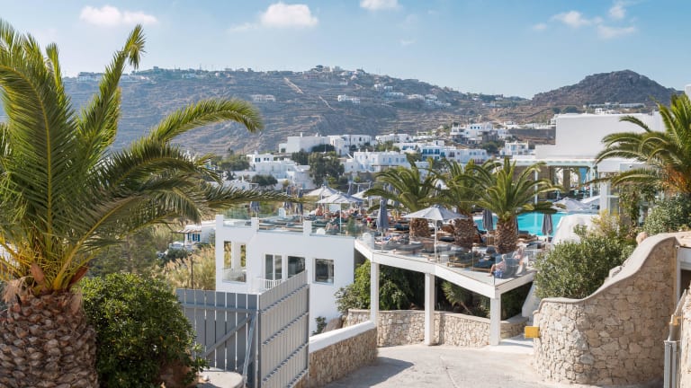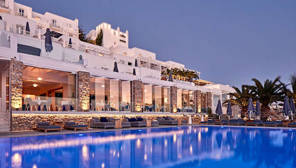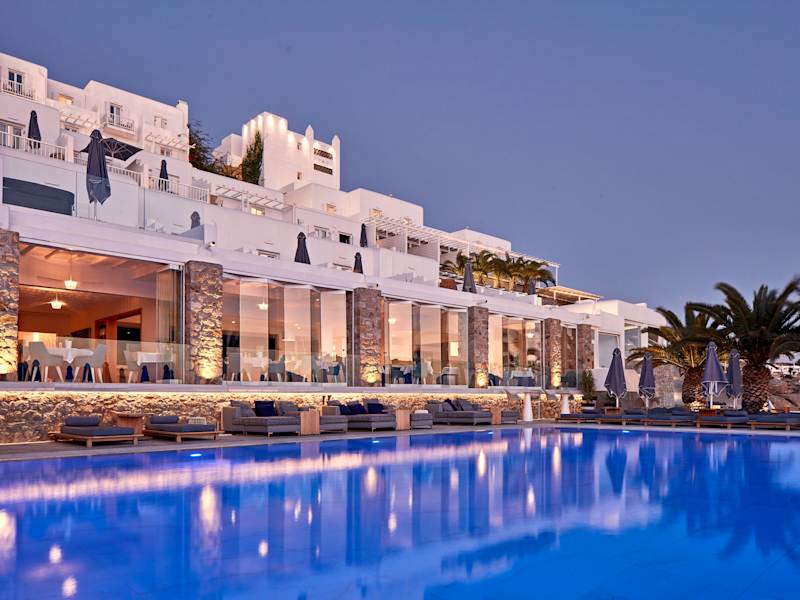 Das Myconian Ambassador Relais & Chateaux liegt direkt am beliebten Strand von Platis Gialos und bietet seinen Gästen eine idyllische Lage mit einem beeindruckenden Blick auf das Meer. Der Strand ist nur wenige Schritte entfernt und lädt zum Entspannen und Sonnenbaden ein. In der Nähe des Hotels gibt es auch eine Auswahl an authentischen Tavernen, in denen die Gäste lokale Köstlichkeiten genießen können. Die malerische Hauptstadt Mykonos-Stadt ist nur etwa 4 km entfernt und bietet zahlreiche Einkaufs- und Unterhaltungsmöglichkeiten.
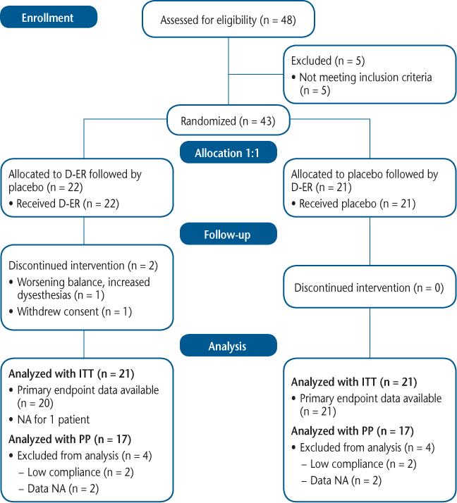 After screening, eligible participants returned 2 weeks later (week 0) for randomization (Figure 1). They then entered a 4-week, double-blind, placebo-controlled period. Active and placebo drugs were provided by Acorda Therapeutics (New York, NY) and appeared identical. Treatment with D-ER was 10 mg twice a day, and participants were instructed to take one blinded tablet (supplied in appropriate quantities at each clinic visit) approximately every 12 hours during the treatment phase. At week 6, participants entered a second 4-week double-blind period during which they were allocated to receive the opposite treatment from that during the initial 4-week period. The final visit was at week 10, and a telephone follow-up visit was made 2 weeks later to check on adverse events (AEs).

---

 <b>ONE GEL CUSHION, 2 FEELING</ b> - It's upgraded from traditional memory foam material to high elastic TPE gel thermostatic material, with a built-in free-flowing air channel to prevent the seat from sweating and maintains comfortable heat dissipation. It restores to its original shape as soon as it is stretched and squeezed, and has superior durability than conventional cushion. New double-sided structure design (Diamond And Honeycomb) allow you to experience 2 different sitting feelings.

- ASSIGNMENT
Above are some entries; copy exactly the lines from the line with "Das Myconian Ambassador" through the line with "After screening, eligible", both included, but none of the pictures.

- EXERCISE RESPONSE
 Das Myconian Ambassador Relais & Chateaux liegt direkt am beliebten Strand von Platis Gialos und bietet seinen Gästen eine idyllische Lage mit einem beeindruckenden Blick auf das Meer. Der Strand ist nur wenige Schritte entfernt und lädt zum Entspannen und Sonnenbaden ein. In der Nähe des Hotels gibt es auch eine Auswahl an authentischen Tavernen, in denen die Gäste lokale Köstlichkeiten genießen können. Die malerische Hauptstadt Mykonos-Stadt ist nur etwa 4 km entfernt und bietet zahlreiche Einkaufs- und Unterhaltungsmöglichkeiten.
 After screening, eligible participants returned 2 weeks later (week 0) for randomization (Figure 1). They then entered a 4-week, double-blind, placebo-controlled period. Active and placebo drugs were provided by Acorda Therapeutics (New York, NY) and appeared identical. Treatment with D-ER was 10 mg twice a day, and participants were instructed to take one blinded tablet (supplied in appropriate quantities at each clinic visit) approximately every 12 hours during the treatment phase. At week 6, participants entered a second 4-week double-blind period during which they were allocated to receive the opposite treatment from that during the initial 4-week period. The final visit was at week 10, and a telephone follow-up visit was made 2 weeks later to check on adverse events (AEs).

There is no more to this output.